Я заметил, что наш словоохотливый и велеречивый гость довольно сдержанно отвечает на мои вопросы. Из чего я сделал вывод, что, расписывая материальные затруднения в Ла-Роке, он намеревается обратиться к нам с какой-то просьбой, но, несмотря на свою величайшую самоуверенность, не решается ее изложить. Я замолчал, глядя на пылающий в камине огонь.

Через минуту Фюльбер откашлялся, что, впрочем, скорее говорило не столько о его смущении, как о том, что, уже «стоя одной ногой по ту сторону жизни», он вынужден снова вернуться к ней, дабы заняться делами людскими.

— Должен признаться, — снова начал он, — меня чрезвычайно беспокоит судьба двух малышей и бедной нашей сиротки. Создалось весьма тяжелое положение, и я не вижу из него выхода. Просто не представляю, как нам удастся выходить детей без молока.

И снова нависло тягостное молчание. Все взгляды были обращены к Фюльберу, но никому не хотелось говорить.

— Я прекрасно знаю, — проникновенным баритоном продолжал Фюльбер, — то, о чем я вас сейчас попрошу, покажется вам невероятным. Но обстоятельства настолько исключительны, дары божьи распределились неравно, и, чтобы жить, вернее, чтобы просто выжить, мы должны помнить, что мы братья и обязаны помогать друг другу.

Я слушал его. И про себя думал, что все, о чем он говорит, сущая правда. И тем не менее все, что он говорил, звучало фальшиво. У меня было ощущение, что этот незнакомец, так ловко играющий на человеческих чувствах, сам этих чувств лишен.

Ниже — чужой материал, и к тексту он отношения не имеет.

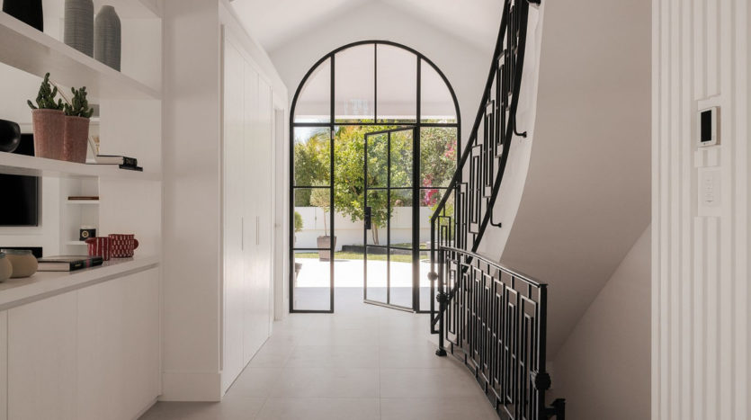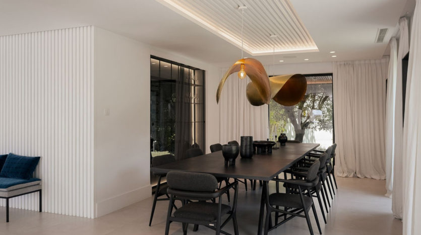 Auf drei Ebenen verteilt, umfasst das Hauptgeschoss eine offene Küche mit Kochinsel und Siemens-Geräten, einen Essbereich sowie ein L-förmiges Wohnzimmer mit Einbauregalen und Fernseher. Zwei Schlafzimmer mit eigenem Bad und ein Gäste-WC vervollständigen das Layout. Schwarz gerahmte Fenster öffnen sich weit, um Innen- und Außenbereiche zu verbinden. Weiß gestrichene Holzdecken verleihen Wärme, schmiedeeiserne Geländer setzen Akzente. Das Wohnzimmer öffnet sich zu einer überdachten Terrasse mit Pool. Weiter im Garten befindet sich eine schattige Außenküche mit Essbereich.

— Только ради наших несчастных малюток в Ла-Роке я решаюсь обратиться к вам с этой просьбой. Я заметил, что у вас имеется несколько коров. Нашей благодарности не было бы границ, если бы вы могли уступить нам одну из них.

Гробовое молчание.

— Уступить? — спрашиваю я. — Уступить, говоришь? Значит, ты собираешься как-то вознаградить нас за нее?

— Откровенно говоря, нет, — высокомерно отвечает Фюльбер. — Я рассматриваю этот акт не как торговую сделку. В моих глазах это акт милосердия и помощи людям, попавшим в бедственное положение.

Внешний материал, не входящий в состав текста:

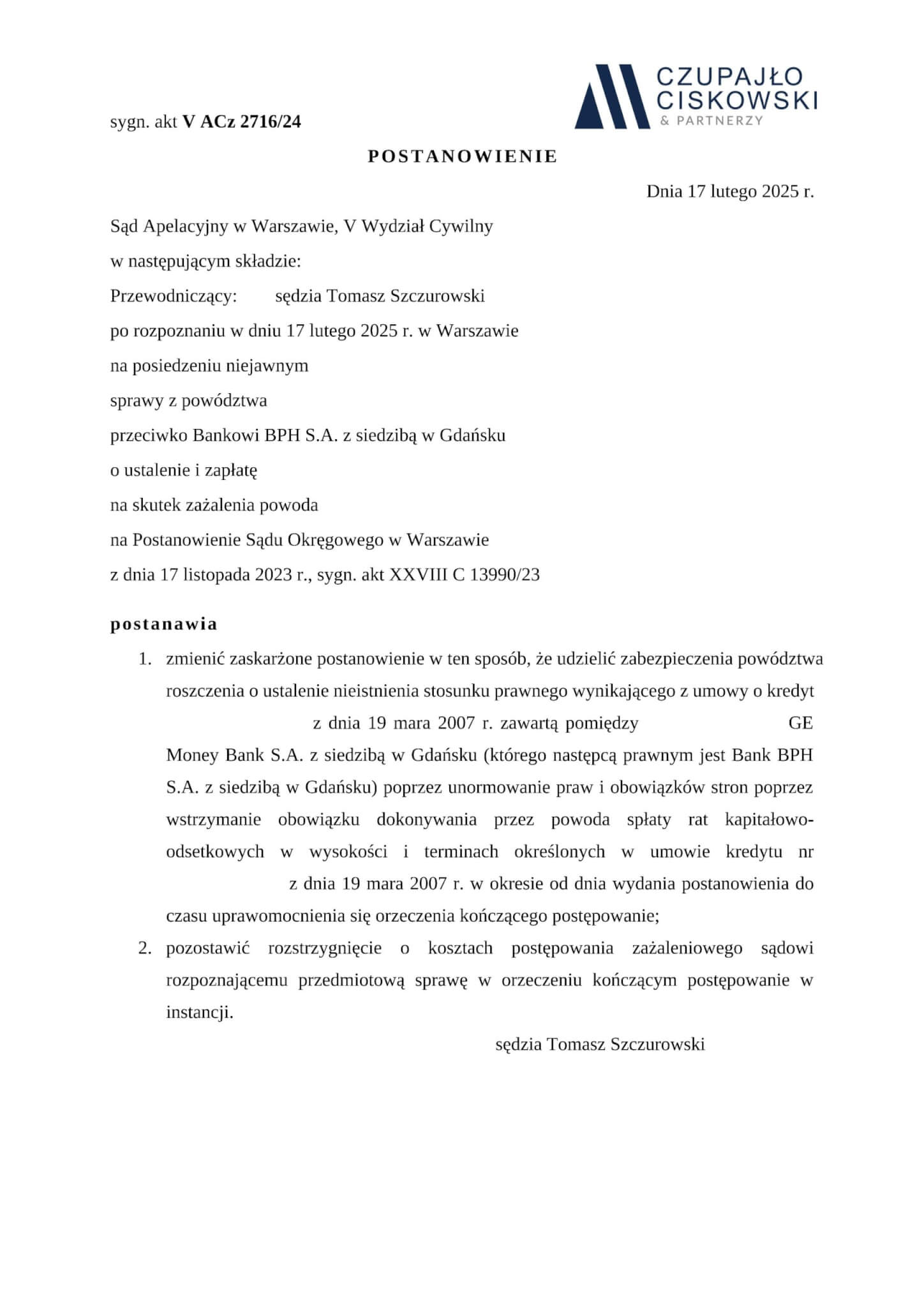 Sąd Apelacyjny w Warszawie, V Wydział Cywilny w składzie SSA Tomasza Szczurowskiego po rozpoznaniu na posiedzeniu niejawnym w dniu 17 lutego 2025 r. sprawy o sygn. akt V ACz 2786/24 z powództwa naszego klienta przeciwko Bankowi BPH S.A. z siedzibą w Gdańsku na skutek zażalenia Powoda na Postanowienie Sądu Okręgowego w Warszawie w sprawie o sygn. akt XXVIII C 13990/23 postanowił udzielić zabezpieczenia roszczenia naszego Klienta.

Вот наконец-то все встало на свои места. Если мы откажем в этой просьбе, Фюльбер вправе счесть нас бездушными злодеями.

— В таком случае, — поправляю я, — следует говорить не «уступить», а просто отдать.

Фюльбер утвердительно кивает, все мы (кроме Тома) с изумлением переглядываемся. Попросить у крестьян запросто так «отдать» корову! Вот они, горожане!

— Может быть, было бы проще, — говорю я вкрадчивым, но все же не таким медоточивым голосом, как сам Фюльбер, — взять на пропитание в Мальвиль обоих детей и сиротку?

Мьетта сидела между Фюльбером и мной, и, когда я повернулся к нему, задав этот вопрос, я заметил, какой радостью осветилось ее нежное личико, и понял, что мысль о создании у нас детского приюта привела ее в восторг. Тут же выбросив из головы весь предшествующий разговор, я улыбнулся ей, она мгновенье смотрела на меня своими чудесными наивными глазами, прозрачными и бездонными, и вернула мне мою улыбку. Вернула ее (смею сказать) сторицей, вложив в эту улыбку всю свою любовь и привязанность ко мне.

— Что касается сироты, это вполне возможно, — ответил Фюльбер, — мы просто не знаем, что с ней и делать. Ей скоро тринадцать, но она такая худая и маленькая, что с виду ей и десяти не дашь, кроме того, она подвержена сильнейшим приступам астмы, и, вообще, это на редкость трудный ребенок. Как это ни печально, но при всем желании я никого не могу найти в Ла-Роке, кто взял бы на себя заботу о ней.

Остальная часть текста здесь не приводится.